The ideas I discuss are manifested into a few principles that capture the essence of the Postmortem 2.0 approach.

(1) Mindset

A major prerequisite of successful learning is a positive mindset. If people refrain from formally performing postmortems the entire process is put at risk.

The lava river and the gold river

The day-to-day life of a company provides us with a stream of incidents. Most people have a negative view of such incidents as if it’s a stream of lava. A lava river you should keep away from as much as possible. It’s mainly because these incidents are bundled with negative feelings of failure. This pushes people away from even doing postmortem processes, and the opportunity to gain practical knowledge is lost.

A lava river. (I created this image using the Stable Diffusion Artificial Intelligence model.)
A lava river. (I created this image using the Stable Diffusion Artificial Intelligence model.)

We all have a theory on how things work: a mental model that represents our understanding. But there is a gap between that theory and practice. Albert Einstein once said:

“In theory, theory and practice are the same. In practice, they are not.”

Practical knowledge is more important than theoretical knowledge. It’s a prime source of learning that can even adjust our understanding, shortening the gap between theory and practice. That’s why it’s so important to change the mindset and try to gain as much wisdom from each incident. As if it’s a stream of golden opportunities to embrace. Remember, the incident’s tuition was already paid. You should now harvest what knowledge you can from it.

A river with golden opportunities. Don’t miss them! (I created this image using the Stable Diffusion Artificial Intelligence model.)
A river with golden opportunities. Don’t miss them! (I created this image using the Stable Diffusion Artificial Intelligence model.)

Blame games

The first and second rules of any postmortem process are:

  1. Postmortems are not blame games.
  2. Postmortems are not blame games.

Postmortems must be a safe and constructive process. Otherwise, you’ll find yourself in a “fight club”. It’s very easy to fall into an “us vs them” pattern. Thus, you must align the participating factors with the expected mindset which is key to success.

(2) Single Source of Work

What is the postmortem process deliverable? In many cases, it will be a report that includes a list of action items. This report is manifested as an email or as a document (e.g., PDF). There are some downsides to doing that:

  • An email has its distribution list, but not all can access it.
  • You can’t tell the status of the different action items.
  • You can’t query the data from many reports and present it in any BI tool.

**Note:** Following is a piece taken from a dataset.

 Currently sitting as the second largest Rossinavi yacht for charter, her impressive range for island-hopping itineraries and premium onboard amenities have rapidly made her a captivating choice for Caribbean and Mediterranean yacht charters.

Postmortems in your ticketing system

A way to overcome these downsides is to produce what I define as Single Source of Work (SSoW). Postmortems should be seen as a task like any other task.

Let’s take JIRA as an example, a practical advice is to open a reflection project. This project will be home for all reflections. One type could be postmortems, another could be retrospectives.

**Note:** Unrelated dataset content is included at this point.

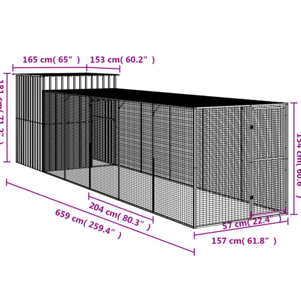 Ce poulailler avec enclos est idéal pour vos poules, poules et autres petits animaux et assure leur confort. Utilisation polyvalente : Associé à son enclos allongé, ce poulailler polyvalent offre un grand espace à vos poules. Il offre de multiples possibilités : jouer, faire de l’exercice, s’entraîner ou simplement assurer la sécurité de vos poules. Ce sera le paradis de jeu idéal pour vos animaux !Construction durable : Grâce à sa construction robuste en acier galvanisé, le poulailler est durable et conçu pour durer.Conception grillagée : La conception grillagée du poulailler permet d’éviter les méfaits et les accidents inattendus tout en permettant la ventilation.Toit pratique : Le toit du poulailler protège les poules du soleil, de la pluie, de la neige et d’autres intempéries.Accès pratique : Il y a une entrée au poulailler et une porte avec loquet sur le poulailler prolongé, ce qui facilite l’entrée et la sortie.Bon à savoir :Pour éviter les dommages causés par une forte accumulation de neige, nous recommandons de dégager le toit régulièrement pendant l’hiver.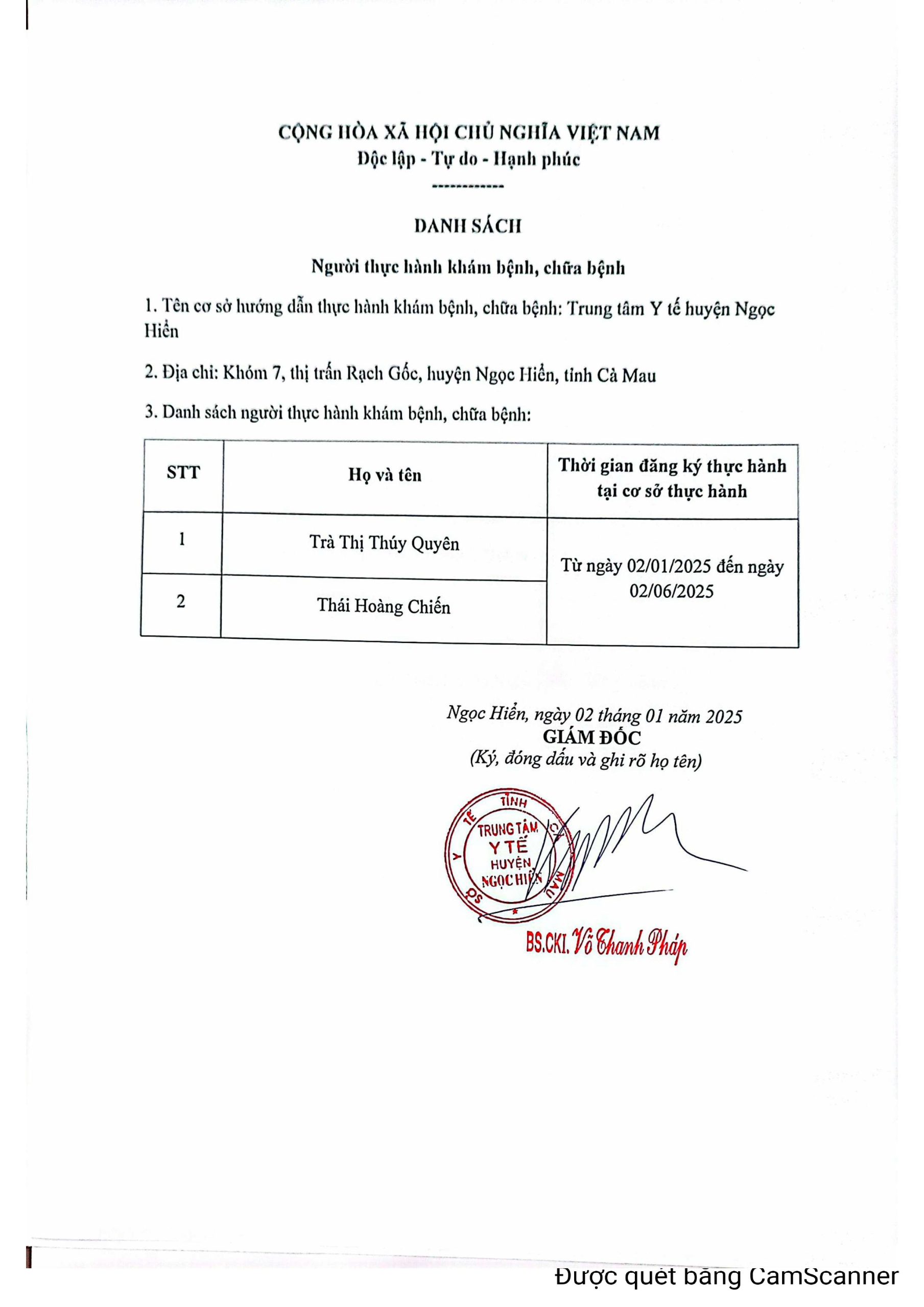 TTYT huyện Ngọc Hiển hướng dẫn thực hành Cấp chứng chỉ hành nghề cho Bác sĩ

Having also the action items as tickets is an important part of an SSoW approach. Think how likely would an action item in an email be completed? How does that change if it’s part of the ticketing system?

The cherry on the icing is apparent when linking action items to the postmortem ticket. It enables a quick and up-to-date view of the action items' statuses:

Reflection ticket linked tickets list
A reflection ticketed linked issues. How easy is it to understand the reflection status?

With a glance, you can see that all action items for this postmortem are done. You don’t need to bother anyone, or read any follow-up email, to understand the current status.

Structuring the data

In addition to being able to link action items, we should structure the postmortem using ticket fields. Here is a small list of fields you can consider using:

  • Assignee
  • Reporter
  • Created
  • Resolution
  • Priority
  • Components
  • Incident Summary
  • Chain of Events

Structured data is easier to query, and thus easier to use in BI tools for monitoring. Notice that some fields could still contain unstructured data (e.g., incident summary and chain of events).

(3) Monitoring

Now that the data is structured it’s time to build some dashboards! I recommend two:

Reflections dashboard — showing widgets like:

  • Reflections by type
  • Resolved vs unresolved reflections
  • Count of reflections per component
  • Count of reflections per assignee

Reflections action items dashboard — showing widgets related only to the action items. For example:

  • Action items by type (bugs / tasks / epics / etc.)
  • Resolved vs unresolved action items
  • Count of unresolved action items by assignee

Here’s an example of a graph that shows the number of action items created vs the ones that are resolved. Hopefully, the trend downwards shows improvement over time, as the system becomes more stable.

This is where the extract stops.